Things to leave in 2020
Shopping with online giants
Not that they needed it, but Amazon became a pandemic giant – arguably to the detriment of smaller companies. People locked in their homes, with time on their hands and Zoom fatigue, spent $88.9bn with Amazon last year – 40% more than the same period in 2019. All this helped Amazon record a $5.2bn profit.
Now it’s not our place to tell you where, or how to spend your money, but we will say this – shopping locally and being more mindful of where and on what you spend your money could support your high street, your community and local jobs.
Using BNPL schemes
‘Buy now, pay later’ (BNPL) services have boomed in recent times. Credit Karma research found that 25% of shoppers used a buy now, pay later scheme in the run up to Christmas. Collectively those shoppers now owe £2.3bn – that’s a lot of buy to pay for!
The rule with using any kind of credit – and that’s exactly what this is – is to not buy anything on credit that you couldn’t buy for cash (unless it’s a property). In fact, it can be helpful to think that you can’t afford something unless you can buy it twice.
Trading for trading’s sake
An increase in investing during a pandemic is great, but an increase in short-term manic trading is not. Apps like Robinhood have seen a massive spike in first-time users as many (young people in particular) found themselves home, alone and seduced by gamified trading platforms.

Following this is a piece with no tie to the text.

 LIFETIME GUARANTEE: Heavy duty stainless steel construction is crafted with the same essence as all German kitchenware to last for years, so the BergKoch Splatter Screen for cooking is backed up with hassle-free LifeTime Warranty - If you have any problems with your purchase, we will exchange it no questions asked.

Signing up for more subscriptions
Since March, many of us have been marooned at home binge-watching Netflix, shopping on Amazon Prime, ordering food on Deliveroo and perhaps even cheering ourselves up with a delivery of Bloom & Wild flowers.

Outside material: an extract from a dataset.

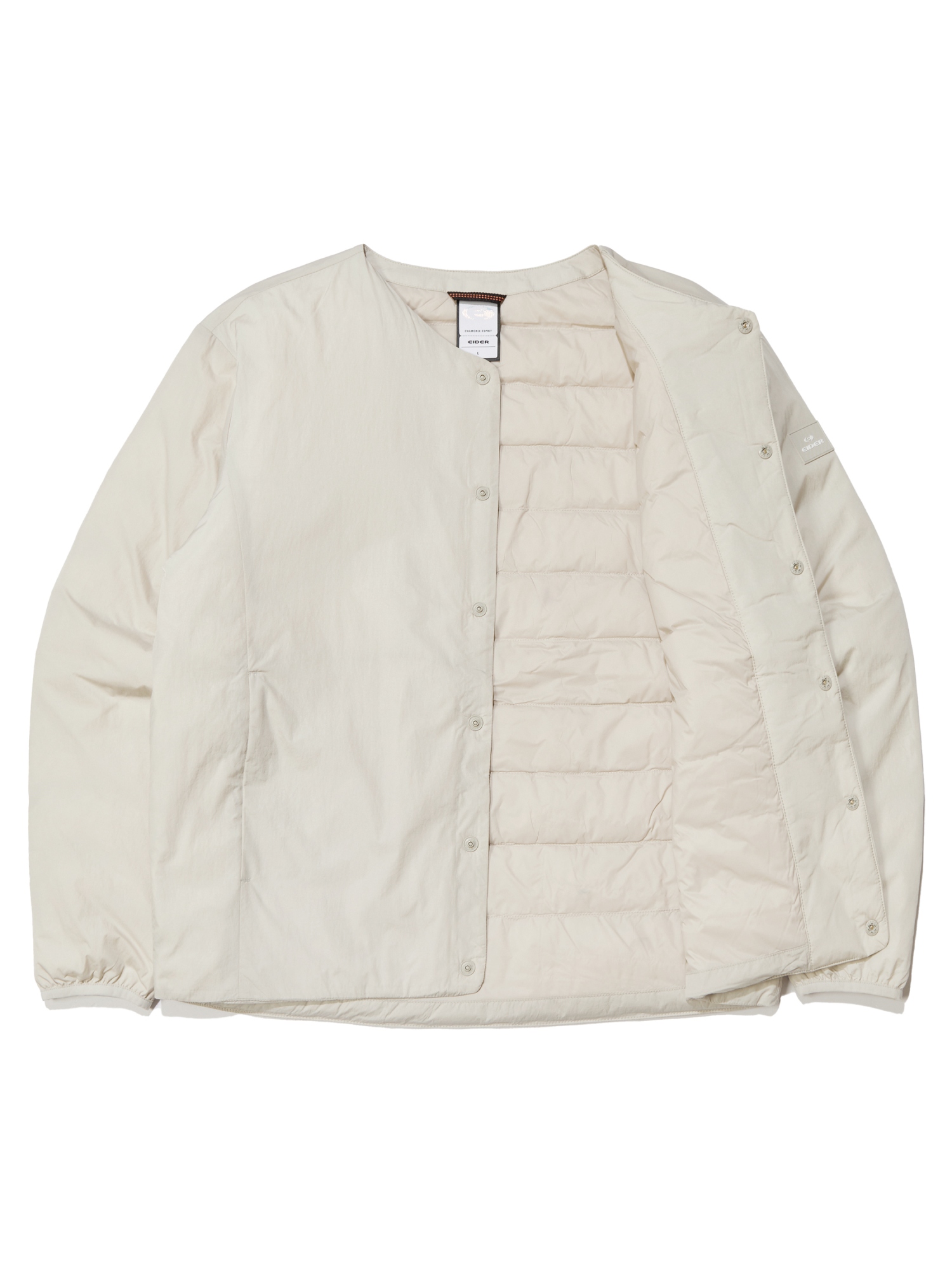 - 퀼팅 선이 바깥으로는 안 보이는 디자인에, 가디건 처럼 입을 수 있는 슬림 다운 자켓입니다.

Subscription services have taken the country by storm. But the convenience often comes at a price; subscription boxes are now so ubiquitous that 27.4% of Brits are signed up to a monthly letterbox service.
When stranded at home, unable to go out for dinner, shop or be entertained, this is to be expected, but at an average of £60 per year it’s worth considering whether the convenience is worth it. Ask yourself: does your household really need Netflix, Amazon Prime, Now TV, Sky AND Disney+?
Balancing the good and the not so good
So there you have it, Covid has meant both clear opportunities and dangers for our spending habits.
The bottom line is, while there’s value in treating yourself – particularly amidst current frustration, stress and worry – these suggestions will hopefully help you balance the good with the not so good. Don’t forget to share them with friends, colleagues and students who could also benefit.